EU-Ratspräsident Tusk zu Flüchtlingskrise : "Das Dublin-System funktioniert nicht"

"Wir haben die Kontrolle über die EU-Außengrenzen verloren", sagt EU-Ratspräsident Tusk im Interview. Er fordert: "Wir müssen unser Denken verändern."

von und Christoph von Marschall
Flüchtlinge gehen am 27.10.2015 auf einer Straße in Rigonice, Slowenien. Die Asylsuchenden werden von der Polizei zu Bussen geführt. Die Busse sollen die Flüchtlinge in eine Notunterkunft und zur Registrierung bringen, danach werden sie mit Zügen weiter nach Österreich gebracht.
Flüchtlinge gehen am 27.10.2015 auf einer Straße in Rigonice, Slowenien. Die Asylsuchenden werden von der Polizei zu Bussen...Foto: dpa

Präsident Tusk, im EU-System vertreten Sie die nationalen Regierungen der Mitgliedstaaten. Werden die ihrer Verantwortung in der Flüchtlingskrise gerecht?
Diese Krise ist die schwerste überhaupt für die EU, viel schwieriger als die Euro-Krise. Mehr als 10.000 Migranten treffen jeden Tag ein. Europa ist von Mächten umgeben, die andere politische Systeme haben und andere Ziele verfolgen. Darunter sind auch gescheiterte Staaten. Zum ersten Mal wird die Außengrenze wirklich getestet.

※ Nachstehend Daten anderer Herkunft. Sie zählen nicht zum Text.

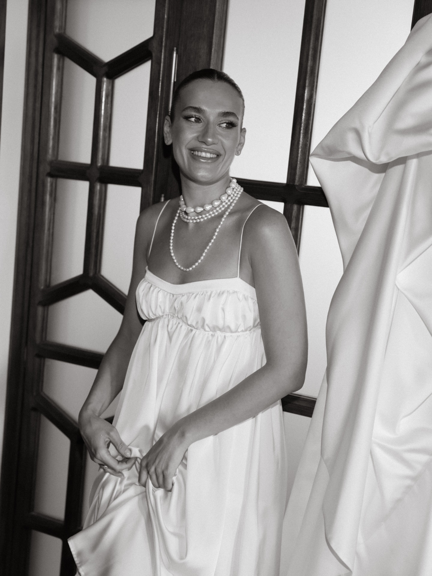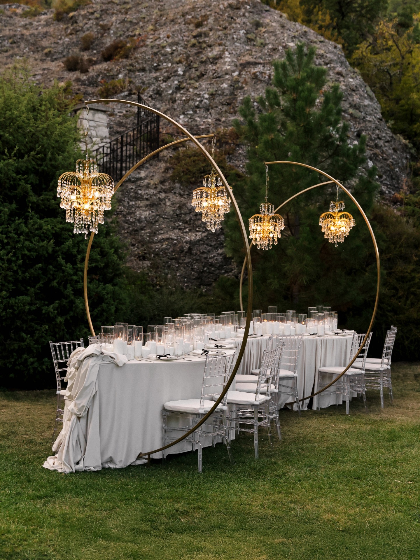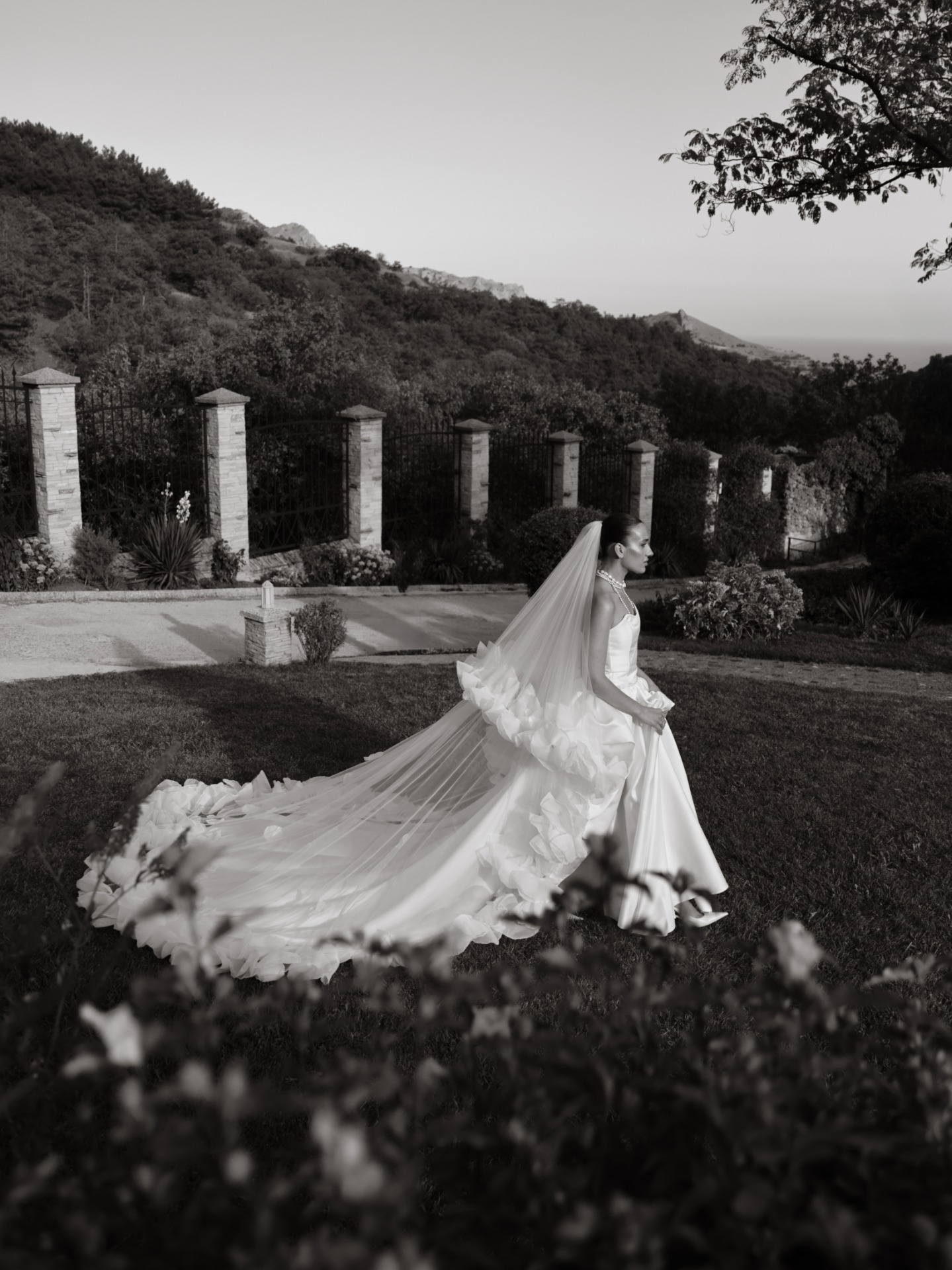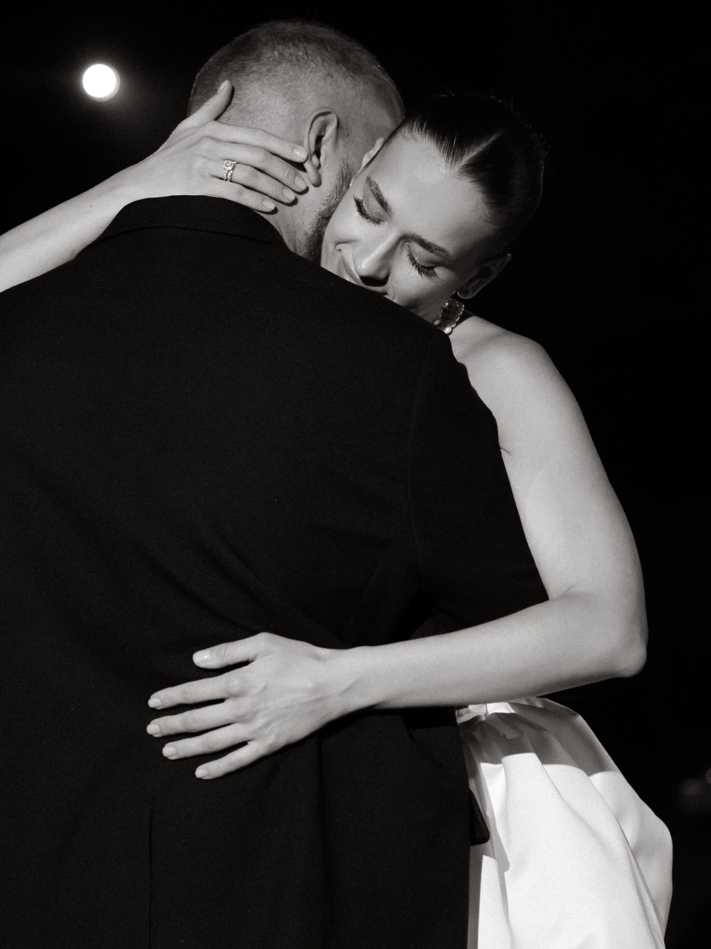 Я хотела создать итальянский вайб: огромное количество свечей в колбах с водой, никаких цветочных декоров, вилла с красивым видом, дресс-код total black, букет невесты из красных роз. Всё должно было быть очень элегантно.
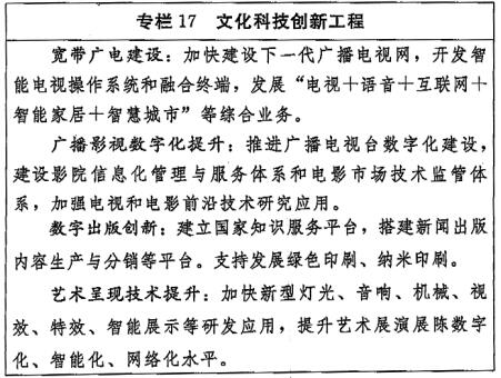 (四)强化文化科技支撑。落实中央财政科技计划管理改革的有关要求,通过优化整合后的科技计划(专项、基金等),支持符合条件的文化科技项目。运用云计算、人工智能、物联网等科技成果,催生新型文化业态。加强虚拟现实技术的研发与运用。推动“三网融合”。制定文化产业领域技术标准,深入推进国家文化科技创新工程。依托国家级文化和科技融合示范基地,加强文化科技企业创新能力建设,提高文化核心技术装备制造水平。加强文化资源的数字化采集、保存和应用。
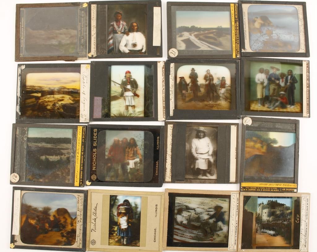 Including Geronimo, Cliff Palace, Apaches, Pueblo at Laguna NM, Hopi Kachina Dance, John P. Clum at Roosevelt Lake, Navajo silversmith and others. Hand labeled in pen with Thomas E Brents business card. United States Special Officer (Indian Service by Tradition who collected them. Some slides signed Nichols and hand colored, others not marked or identified. 16 total and card in two Riker displays). One slide has a crack in it.
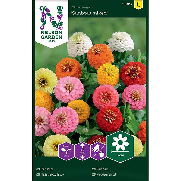 Zinnia - Sunbow Mixed är en trevlig sommarblomma med lång blomningstid och blommor i massor av färger. Den har styv, upprätt stjälk med en eller flera välformade fyllda blommor i toppen. Skär man av kvistar, grenar sig plantan. Färgstarkt inslag i rabatter och krukor. Hållbar snittblomma. Trivs i välgödslad, lucker jord. Vattna vid torka.
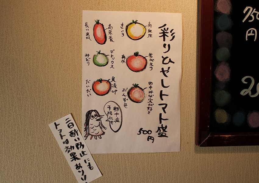 ボードには、トマトの効能などがイラスト付きで分かりやすく紹介されています。

In einer außerordentlichen Lage wünschen sich die Bürger außerordentliche Anstrengungen zur Lösung. Welche Note geben Sie den EU-Staaten?
Die Staaten haben noch kein gemeinsames Verständnis, was das europäische Interesse hier ist. Manche sehen sich als reine Transitländer für die Migranten. Für die Staaten an den Außengrenzen ist es eine Überforderung, die Regeln des Dublin-Systems durchzusetzen.

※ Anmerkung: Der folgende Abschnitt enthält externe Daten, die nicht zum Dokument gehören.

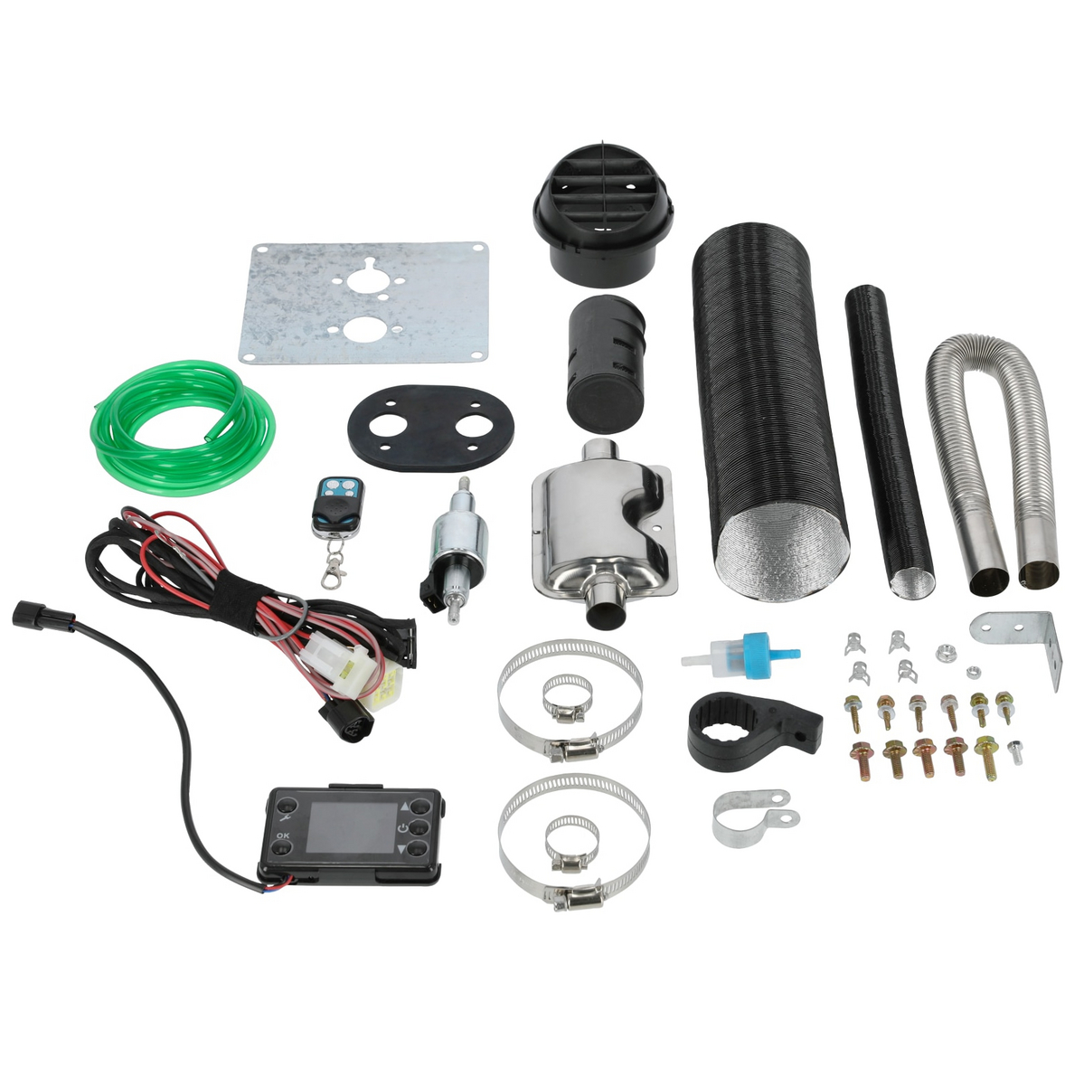 Lämmitinyksikkö ohjaintaululla, Kaukosäädin, Ilmansuodatin, Ilmaputken verkkosuoja, Äänenvaimennin, Sähköjohdot, Aluslevy, polttoainepumppu, polttoaineletkut, Ilman sisään- ja ulostuloletkut, Kiristimet ja ruuvit, 5 litran polttoainetankki, Pakoputki

… wonach der erste EU-Staat, den ein Migrant erreicht, ihn registrieren und sein Aufnahmegesuch bearbeiten muss.

Wir befinden uns jetzt zwischen dem Dublin-System, das nicht funktioniert, zu dem wir aber auch noch keine Alternative haben, und einem neuen Recht für die Aufnahme, auf das wir uns erst einigen müssen. Für Deutschland und Schweden, wohin fast alle wollen, ist jetzt Solidarität das Wichtigste. Wir haben die Kontrolle über die Außengrenzen verloren. Uns fehlt die Infrastruktur, zum Beispiel die Hotspots. Deshalb müssen wir unsere Denkansätze verändern. Wir müssen die Kontrolle über unsere Außengrenzen zurückgewinnen.

Über eine Million Menschen treffen in diesem Jahr ein. Die EU-Staaten haben eine Verteilung von 160.000 vereinbart. Aber nur gut hundert sind tatsächlich umgesiedelt worden. Warum geht das nicht schneller?
Keine Regierung ist bereit, die Migranten dazu zu zwingen. Das ist das Haupthindernis. Und die Migranten machen nicht freiwillig mit. Sie haben Deutschland als Ziel gewählt. Es klingt wie ein Scherz, aber Flüchtlinge haben sich geweigert, nach Luxemburg zu gehen.
… den EU-Staat mit dem höchsten Pro-Kopf-Einkommen.
Ja, sie finden das unzumutbar. Ob wir nun über die Verteilung der Migranten auf die EU-Staaten oder die Außengrenzen reden, am Ende landen wir immer bei der Frage: Wer ist bereit, unsere Vereinbarungen und Regeln durchzusetzen?

Die EU muss bereit sein, einen Migranten dazu zu bringen, auch Polen oder Tschechien als Aufnahmeland zu akzeptieren?
Ja, zum Beispiel. Die EU hat aber keine eigenen Polizisten oder Grenzwächter, die die vereinbarte Ordnung durchsetzen. Das müssen die Mitgliedstaaten tun. Als wir zum ersten Mal die Idee eines europäischen Grenzschutzes diskutierten, waren viele Regierungen skeptisch. Der Schutz der Grenzen sei eine nationale Aufgabe, hieß es. Handeln wollen sie dennoch nicht. Deshalb sage ich: Wir müssen unser Denken verändern. Solange wir nicht die Kontrolle über die Außengrenzen zurückgewinnen, werden weder Verteilungsschlüssel noch Umsiedlung funktionieren.

Bis zu welchem Zeitpunkt sollen die ersten 50.000 Migranten umgesiedelt sein?
Der Europäische Rat hatte beschlossen, dass die Hotspots Ende November betriebsbereit sind. Es geht also nicht mehr um Absichten, sondern um die Umsetzung.